→ Task requirements: Every line in the data below has to be repeated exactly; no picture belongs in the result.

BEGIN Input data

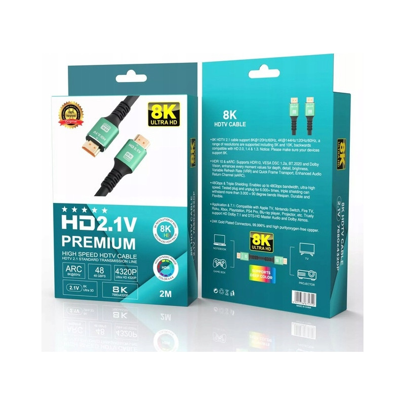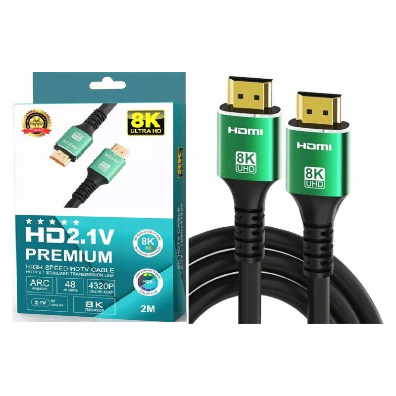 Kabel HDMI - HDMI 2.1 V PREMIUM 8K 4K 144Hz Mocny Monitor Projektor 2m
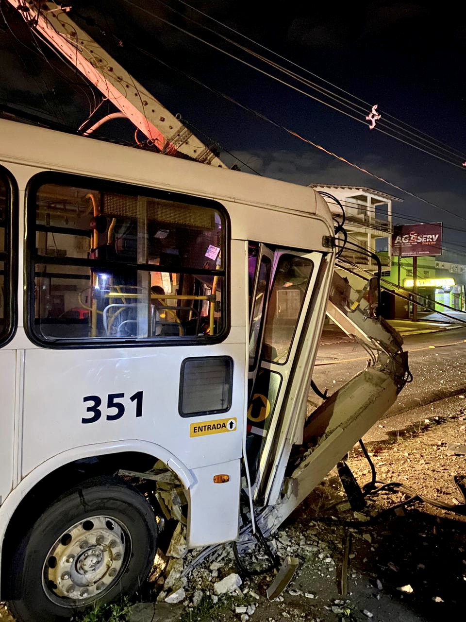 Quando os bombeiros chegaram ao local, realizaram o gerenciamento de riscos, constataram que havia fios de alta e baixa tensão sobre o veículo e que o transformador havia caído. Na cabine do ônibus havia uma única vítima, o motorista, que estava consciente e orientado, mas não conseguia sair por meios próprios.
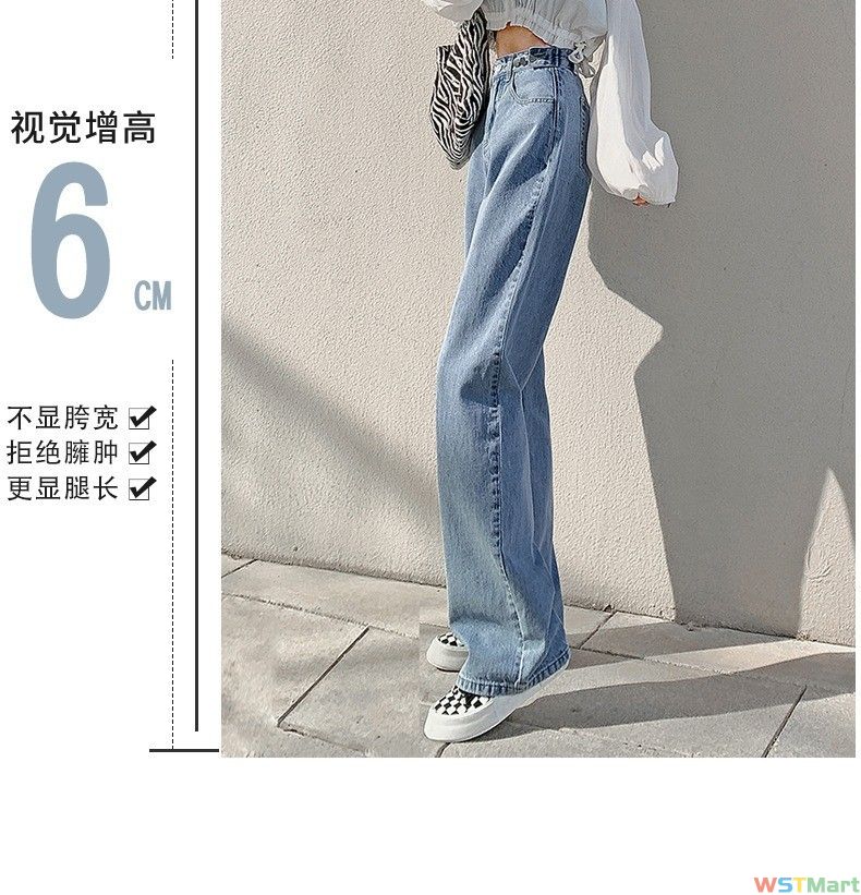 腰牛仔裤女直筒宽松2024新款夏季显瘦小个子垂感拖地阔腿长裤子
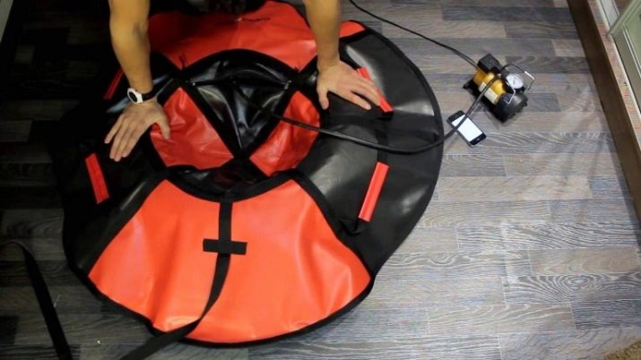 Thus, the inflatable sled will be ready for further use. Please note that when filled with air, the chamber may inflate unevenly. If during the pumping process any part of the chamber becomes more convex, you must press it with your hand or press down with your knee and continue to fill it with air. Such manipulation will help the rubber to swell evenly from all sides.
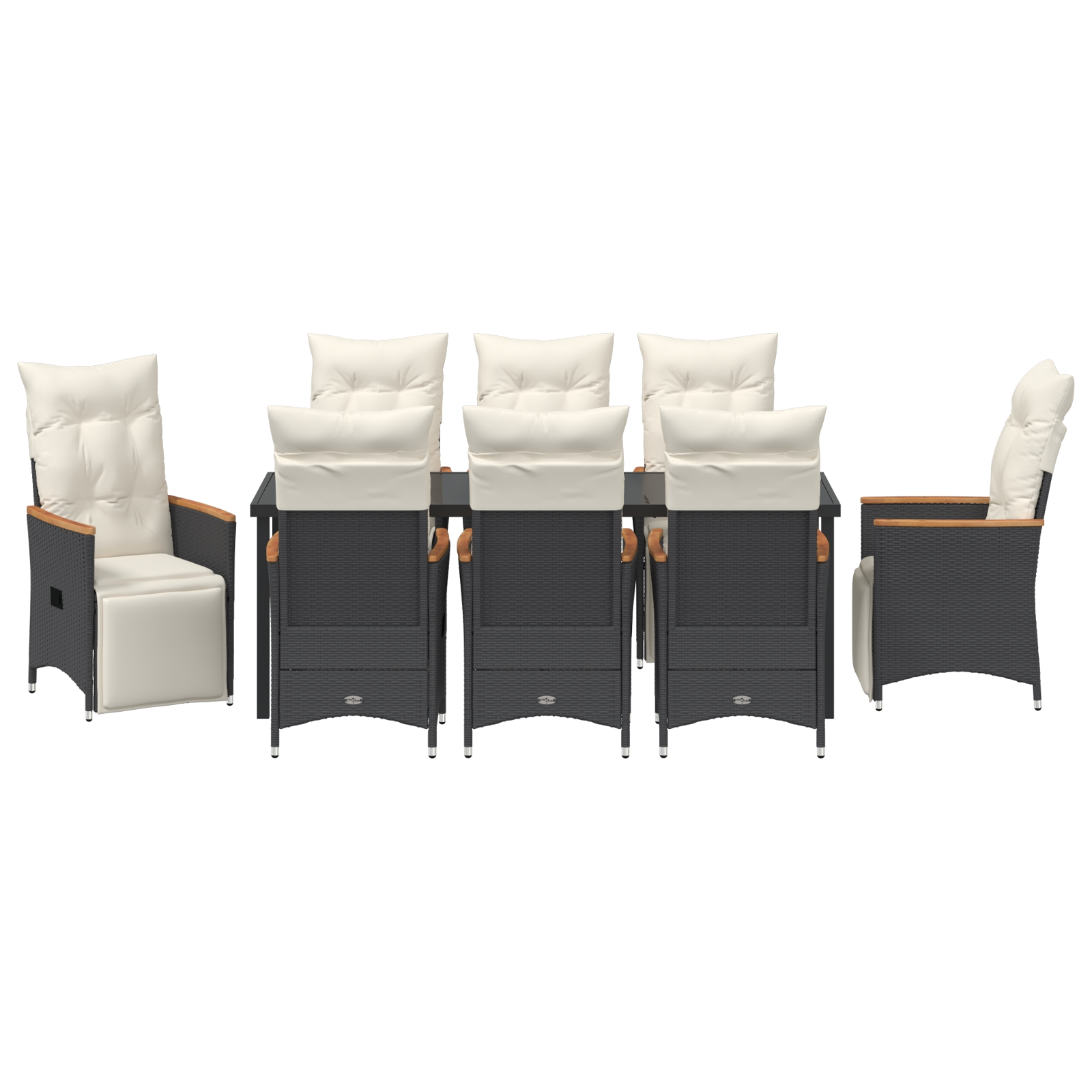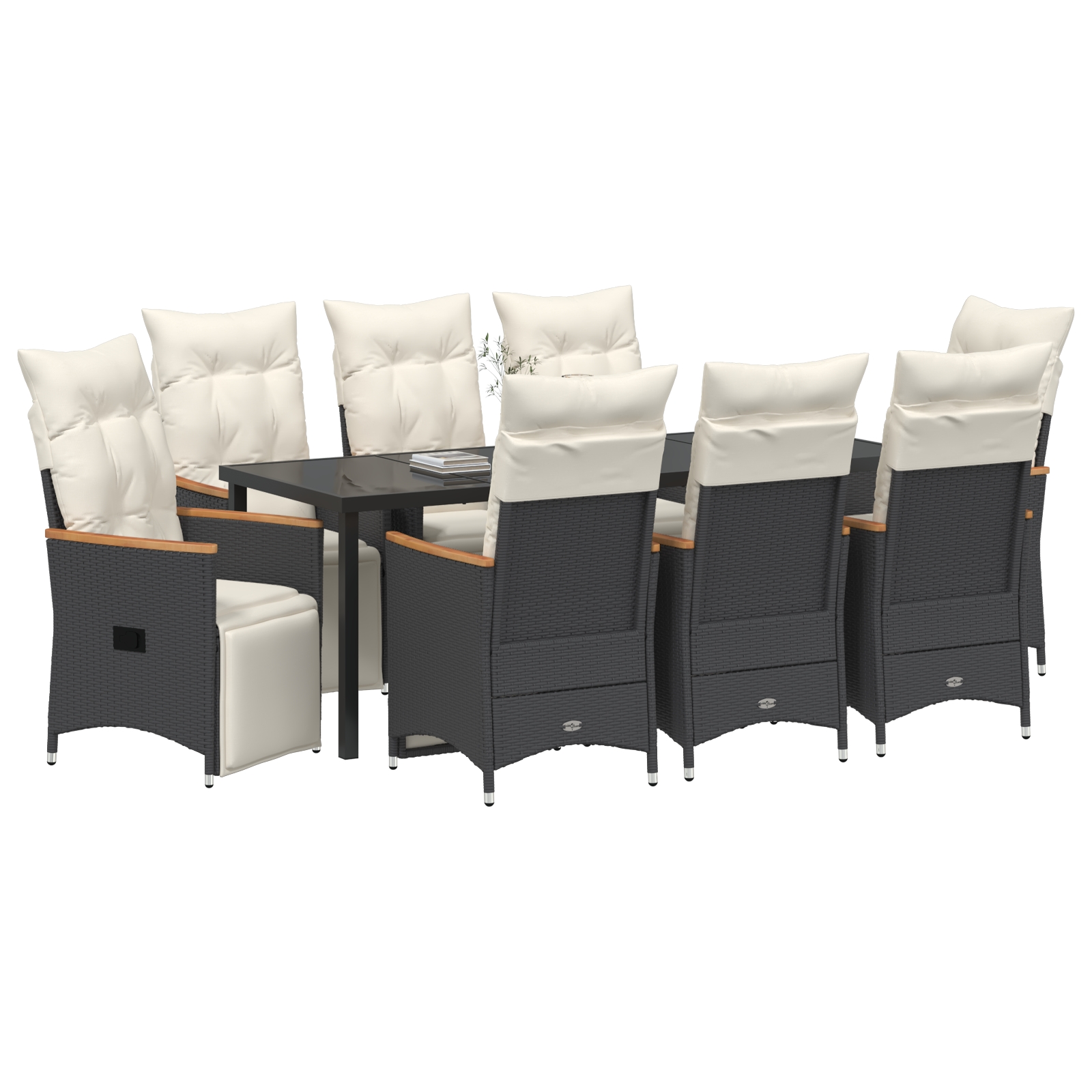 Set de Dining pentru Grădină cu Perne Negru Poliratan 9 Piese
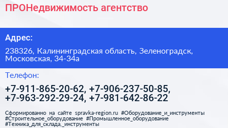ПРОНедвижимость, агентство по адресу 238326, Калининградская область, Зеленоградск, Московская, 34-34а в дальнейшем Организация, размещена в следующих категориях:
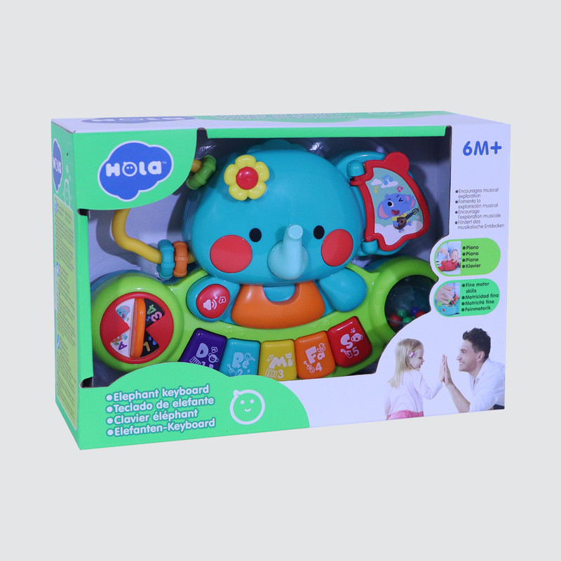 شرکت هولا (hola) سازنده انواع اسباب بازی های موزیکال و... میباشد که مناسب کودکان زیر 3 سال طراحی شده است. در ساخت محصولات از هیچگونه مواد شیمیایی استفاده نشده است و مقاومت بسیار خوبی در برابر ضربات نشان میدهد. در ساخت اسباب بازی ها از رنگ بندی های شاد استفاده شده است تا کودکان به خوبی با آن ارتباط بر قرار کنند و هنگامی که جغجغه را داخل دهان میگذارند باعث ایجاد حساسیت نشود. دماغ فیل همانند یک اهرم چرخش 360 درجه قابلیت چرخش دارد تا نوزادان بتوانند با آن بازی کنند، دکمه های پایین جغجغه قابلیت پخش موسیقی های شاد و کودکانه را دارد.
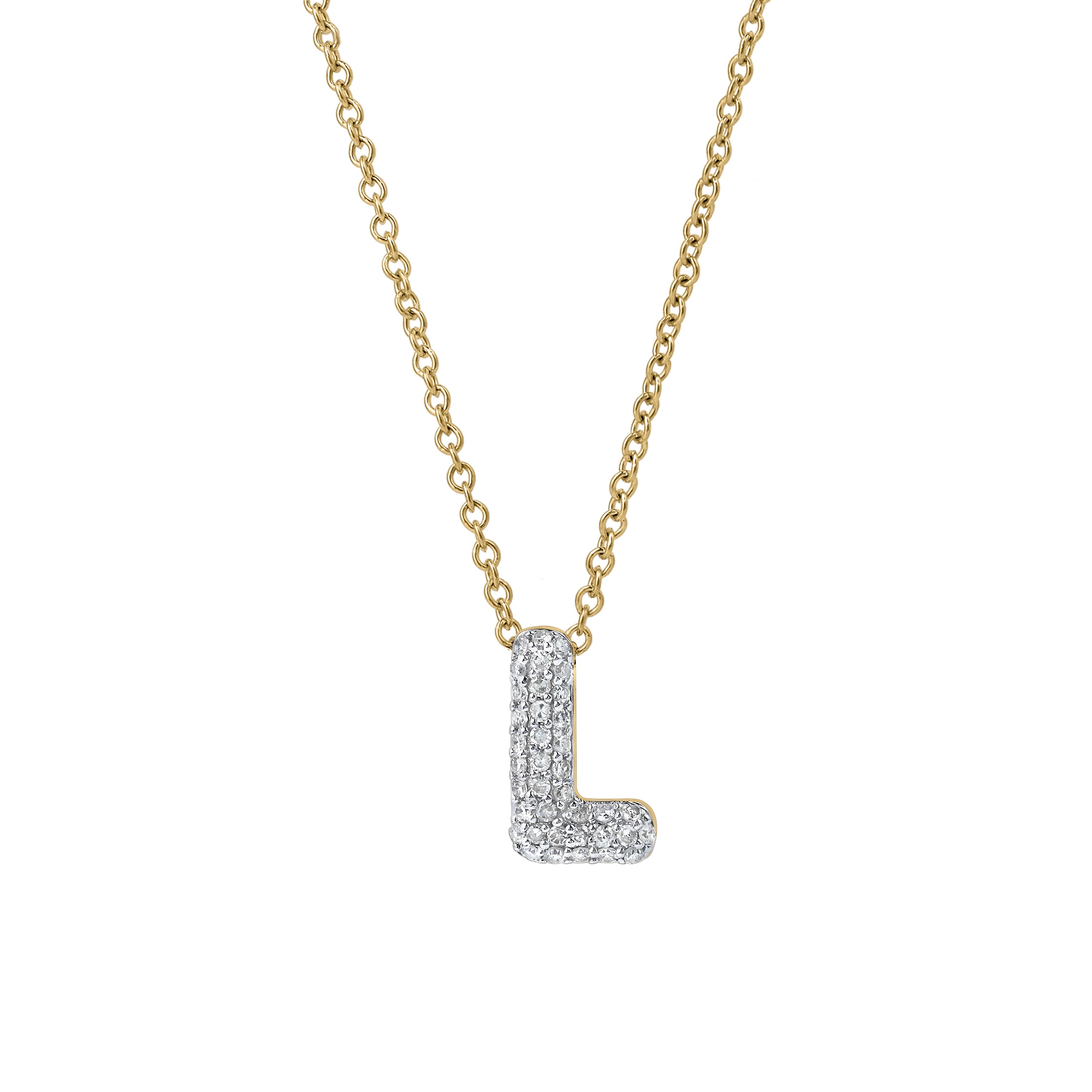 Bubble Initial Diamond Letter Pendant in 14K Gold – L
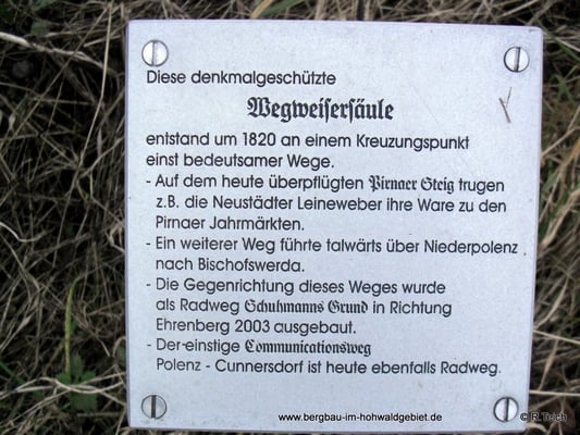 Wer den Radweg von Polenz in Richtung Cunnersdorf / Hohes Birkigt geht, findet nach dem Drachenberg an einer Weggabelung am rechten Wegesrand eine gut renovierte Wegsäule. Diese Säule soll um das Jahr 1820 an dieser ehemals wichtigen Kreuzung aufgestellt worden sein. An dieser Stelle zweigten zwei für damalige Verhältnisse wichtige Wege vom Pirnaer Steig, welcher von Neustadt nach Pirna führte, ab. Nach rechts führte ein Verbindungsweg über die Felder hinab in das Unterdorf von Polenz. Dieser Weg ist heute nicht mehr vorhanden, da er komplett umgepflügt wurde. Wer seinen Verlauf heute nachvollziehen möchte, kann nur noch alte Messtischblätter dazu nutzen. Der zweite Weg führte in Richtung Ehrenberg und hat sich ebenfalls wie der Pirnaer Steig bis in die heutige Zeit als Radrundweg erhalten.
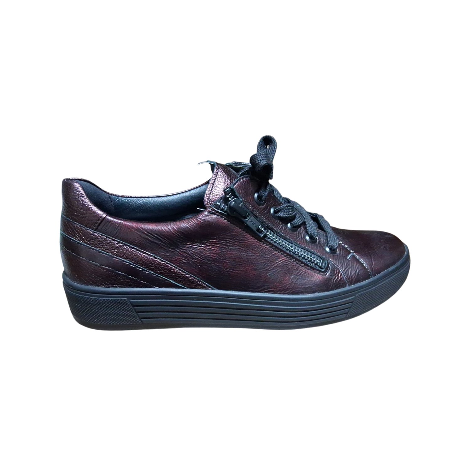 - Stylish plateau-sole design with a fashionable leather upper.
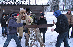 RUNGTIS: Viena iš šventės rungčių — traukiamu pjūklu nupjauti kuo plonesnę ir dailesnę rąsto dalį.
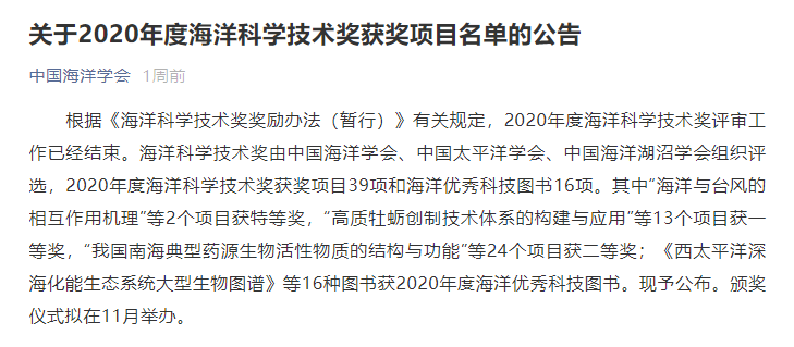 近日,经国家科学技术奖励工作办公室批准,由中国海洋学会、中国太平洋学会、中国海洋湖沼学会组织评选的“2020年度海洋科学技术奖” 正式公告,由我院周立教授主持的“智港口航道基础地理时空一体图共享服务关键技术”项目获得二等奖。

END Input data

→ Solution to the exercise:
 Kabel HDMI - HDMI 2.1 V PREMIUM 8K 4K 144Hz Mocny Monitor Projektor 2m
 Quando os bombeiros chegaram ao local, realizaram o gerenciamento de riscos, constataram que havia fios de alta e baixa tensão sobre o veículo e que o transformador havia caído. Na cabine do ônibus havia uma única vítima, o motorista, que estava consciente e orientado, mas não conseguia sair por meios próprios.
 腰牛仔裤女直筒宽松2024新款夏季显瘦小个子垂感拖地阔腿长裤子
 Thus, the inflatable sled will be ready for further use. Please note that when filled with air, the chamber may inflate unevenly. If during the pumping process any part of the chamber becomes more convex, you must press it with your hand or press down with your knee and continue to fill it with air. Such manipulation will help the rubber to swell evenly from all sides.
 Set de Dining pentru Grădină cu Perne Negru Poliratan 9 Piese
ПРОНедвижимость, агентство по адресу 238326, Калининградская область, Зеленоградск, Московская, 34-34а в дальнейшем Организация, размещена в следующих категориях:
 شرکت هولا (hola) سازنده انواع اسباب بازی های موزیکال و... میباشد که مناسب کودکان زیر 3 سال طراحی شده است. در ساخت محصولات از هیچگونه مواد شیمیایی استفاده نشده است و مقاومت بسیار خوبی در برابر ضربات نشان میدهد. در ساخت اسباب بازی ها از رنگ بندی های شاد استفاده شده است تا کودکان به خوبی با آن ارتباط بر قرار کنند و هنگامی که جغجغه را داخل دهان میگذارند باعث ایجاد حساسیت نشود. دماغ فیل همانند یک اهرم چرخش 360 درجه قابلیت چرخش دارد تا نوزادان بتوانند با آن بازی کنند، دکمه های پایین جغجغه قابلیت پخش موسیقی های شاد و کودکانه را دارد.
 Bubble Initial Diamond Letter Pendant in 14K Gold – L
 Wer den Radweg von Polenz in Richtung Cunnersdorf / Hohes Birkigt geht, findet nach dem Drachenberg an einer Weggabelung am rechten Wegesrand eine gut renovierte Wegsäule. Diese Säule soll um das Jahr 1820 an dieser ehemals wichtigen Kreuzung aufgestellt worden sein. An dieser Stelle zweigten zwei für damalige Verhältnisse wichtige Wege vom Pirnaer Steig, welcher von Neustadt nach Pirna führte, ab. Nach rechts führte ein Verbindungsweg über die Felder hinab in das Unterdorf von Polenz. Dieser Weg ist heute nicht mehr vorhanden, da er komplett umgepflügt wurde. Wer seinen Verlauf heute nachvollziehen möchte, kann nur noch alte Messtischblätter dazu nutzen. Der zweite Weg führte in Richtung Ehrenberg und hat sich ebenfalls wie der Pirnaer Steig bis in die heutige Zeit als Radrundweg erhalten.
 - Stylish plateau-sole design with a fashionable leather upper.
 RUNGTIS: Viena iš šventės rungčių — traukiamu pjūklu nupjauti kuo plonesnę ir dailesnę rąsto dalį.
 近日,经国家科学技术奖励工作办公室批准,由中国海洋学会、中国太平洋学会、中国海洋湖沼学会组织评选的“2020年度海洋科学技术奖” 正式公告,由我院周立教授主持的“智港口航道基础地理时空一体图共享服务关键技术”项目获得二等奖。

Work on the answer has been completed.